__Problem details__: Return only the lines of the listing below that run from the line with "For steel tubes, the" through the line with "Puji syukur kita", both ends included, exactly as written.

__Available data__:
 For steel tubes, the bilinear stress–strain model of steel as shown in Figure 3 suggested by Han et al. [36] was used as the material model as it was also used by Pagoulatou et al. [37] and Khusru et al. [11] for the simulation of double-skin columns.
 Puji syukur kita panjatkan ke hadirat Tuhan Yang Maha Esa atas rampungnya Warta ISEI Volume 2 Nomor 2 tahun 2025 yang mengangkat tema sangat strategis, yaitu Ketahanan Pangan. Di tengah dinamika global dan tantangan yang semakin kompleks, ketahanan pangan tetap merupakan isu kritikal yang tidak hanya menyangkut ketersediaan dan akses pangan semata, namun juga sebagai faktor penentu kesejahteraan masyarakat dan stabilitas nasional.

--

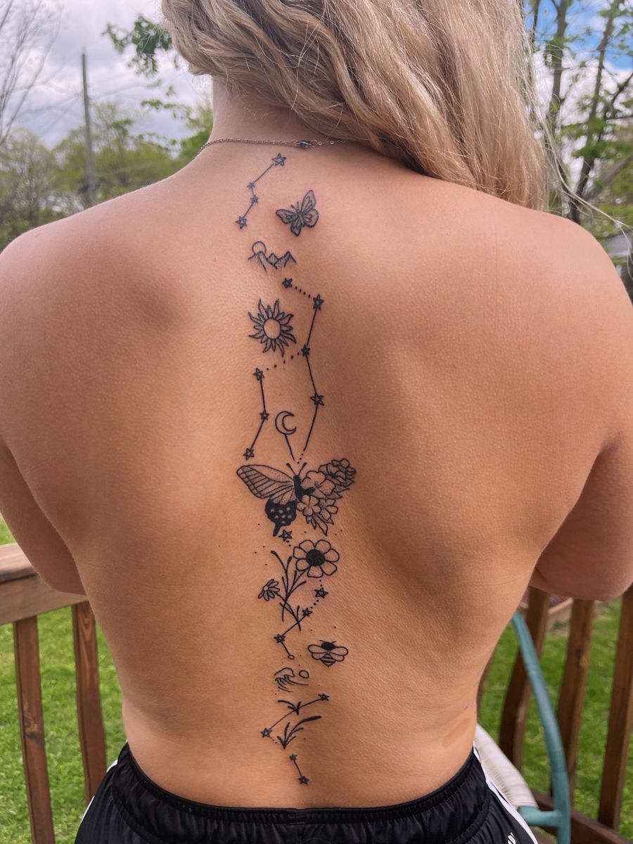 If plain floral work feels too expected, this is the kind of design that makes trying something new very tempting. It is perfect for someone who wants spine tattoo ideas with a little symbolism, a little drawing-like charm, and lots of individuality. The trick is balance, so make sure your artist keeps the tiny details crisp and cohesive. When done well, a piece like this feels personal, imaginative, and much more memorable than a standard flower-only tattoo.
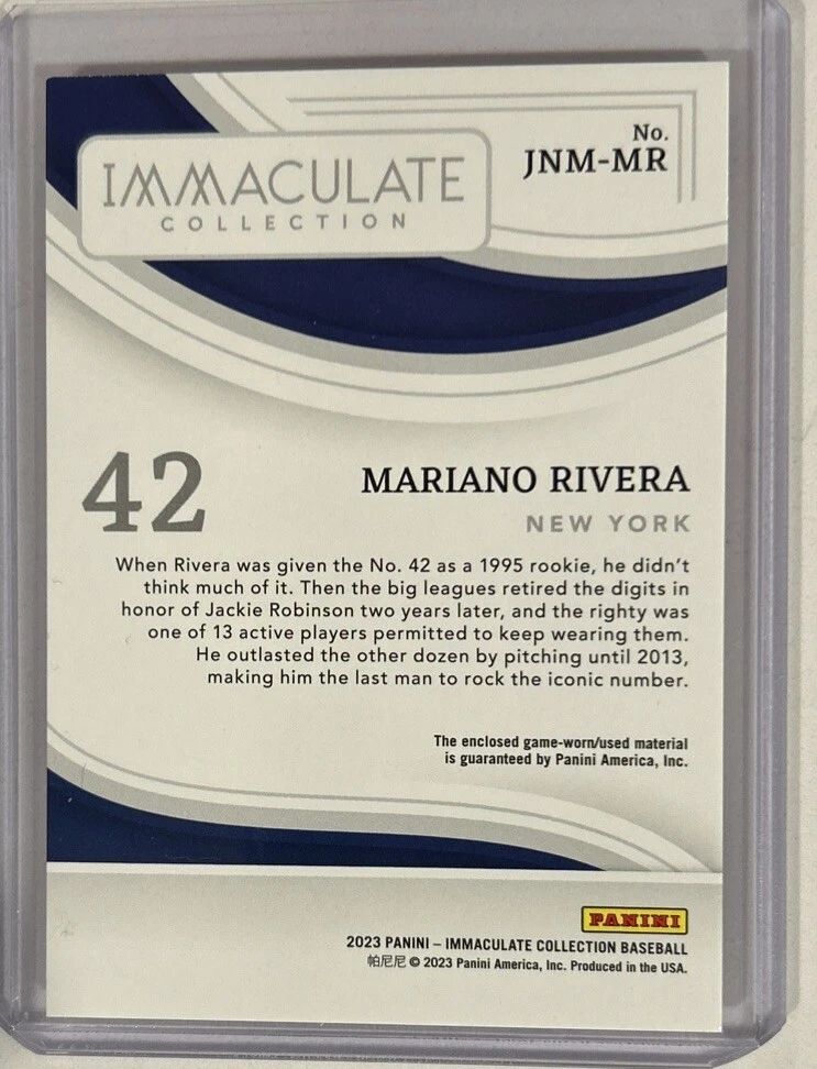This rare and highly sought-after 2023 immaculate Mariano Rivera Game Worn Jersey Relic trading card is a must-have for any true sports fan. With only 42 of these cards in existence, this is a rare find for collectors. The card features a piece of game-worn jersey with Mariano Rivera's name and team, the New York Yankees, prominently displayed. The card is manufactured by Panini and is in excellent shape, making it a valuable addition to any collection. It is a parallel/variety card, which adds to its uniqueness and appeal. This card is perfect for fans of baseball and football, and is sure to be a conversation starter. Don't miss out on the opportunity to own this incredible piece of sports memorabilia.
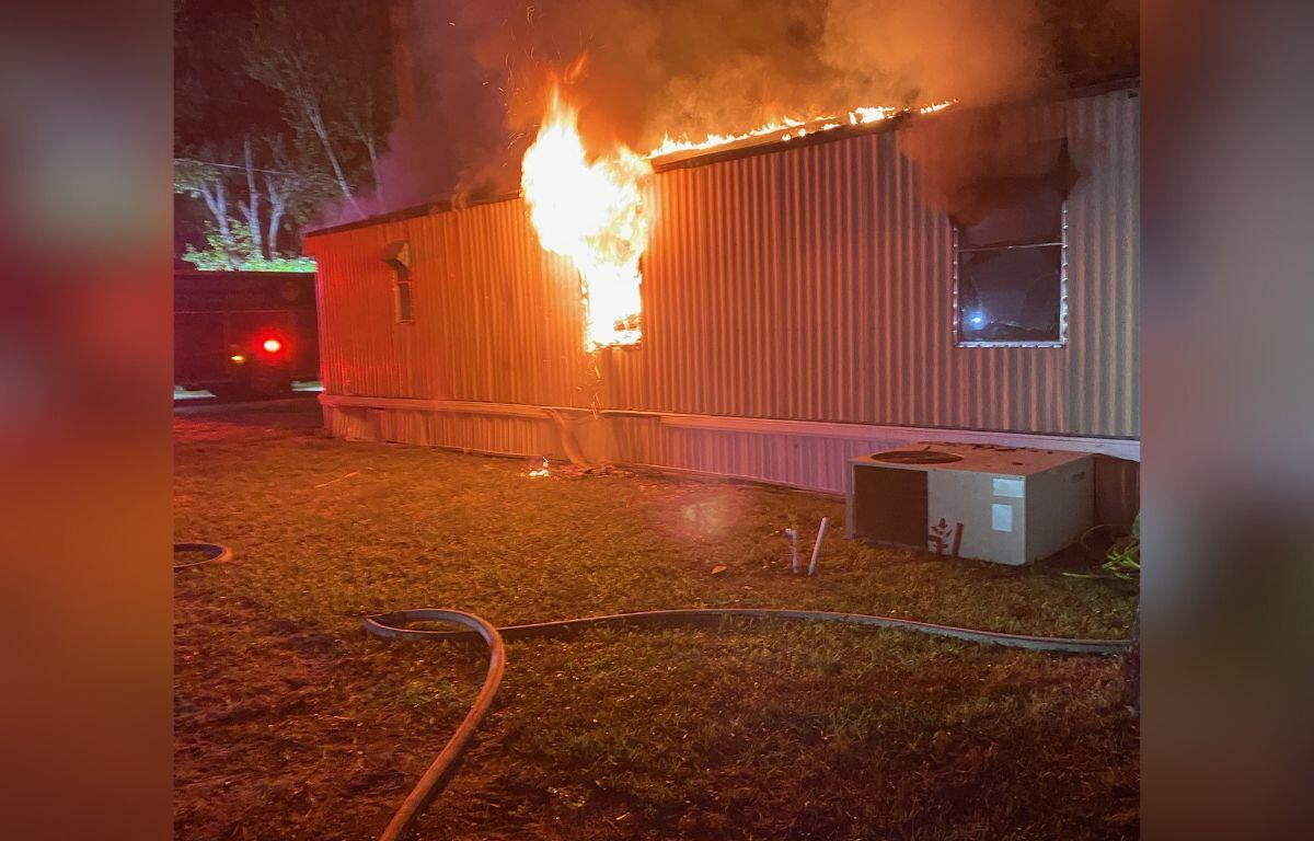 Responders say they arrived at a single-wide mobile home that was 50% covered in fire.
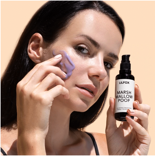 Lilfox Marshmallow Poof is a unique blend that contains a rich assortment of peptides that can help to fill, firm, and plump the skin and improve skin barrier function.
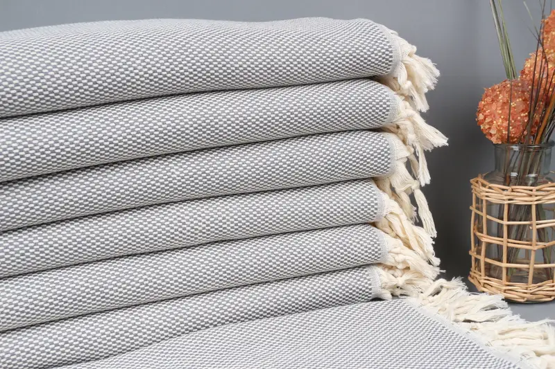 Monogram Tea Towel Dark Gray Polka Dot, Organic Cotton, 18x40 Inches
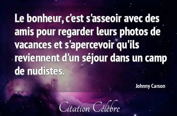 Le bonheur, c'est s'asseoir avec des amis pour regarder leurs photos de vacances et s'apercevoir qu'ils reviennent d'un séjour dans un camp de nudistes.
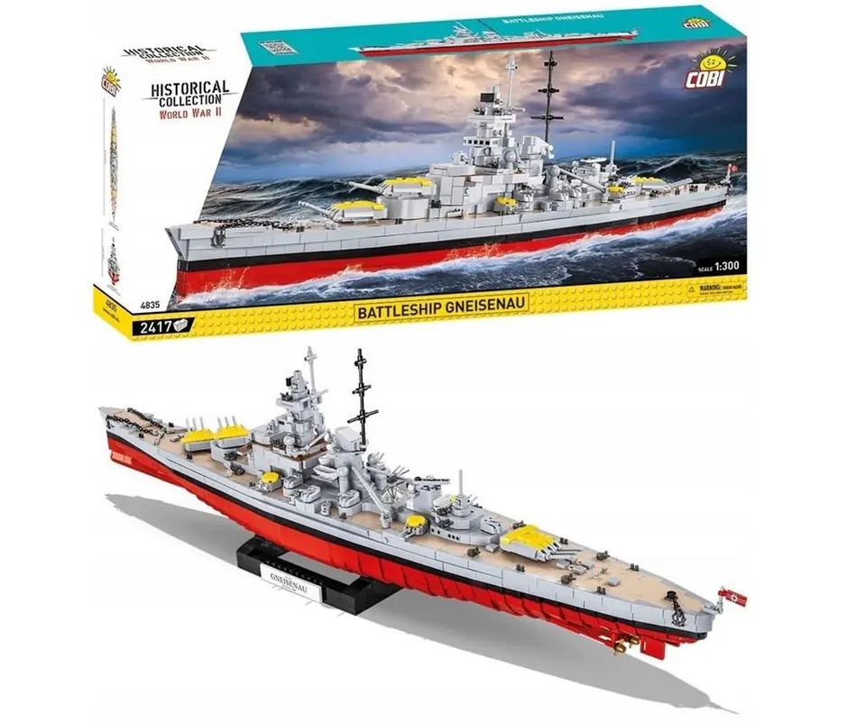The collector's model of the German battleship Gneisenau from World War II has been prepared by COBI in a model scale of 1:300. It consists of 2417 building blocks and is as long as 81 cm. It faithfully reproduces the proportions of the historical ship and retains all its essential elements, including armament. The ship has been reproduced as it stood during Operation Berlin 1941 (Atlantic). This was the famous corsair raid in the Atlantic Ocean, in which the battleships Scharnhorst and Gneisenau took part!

__Result below__:
 For steel tubes, the bilinear stress–strain model of steel as shown in Figure 3 suggested by Han et al. [36] was used as the material model as it was also used by Pagoulatou et al. [37] and Khusru et al. [11] for the simulation of double-skin columns.
 Puji syukur kita panjatkan ke hadirat Tuhan Yang Maha Esa atas rampungnya Warta ISEI Volume 2 Nomor 2 tahun 2025 yang mengangkat tema sangat strategis, yaitu Ketahanan Pangan. Di tengah dinamika global dan tantangan yang semakin kompleks, ketahanan pangan tetap merupakan isu kritikal yang tidak hanya menyangkut ketersediaan dan akses pangan semata, namun juga sebagai faktor penentu kesejahteraan masyarakat dan stabilitas nasional.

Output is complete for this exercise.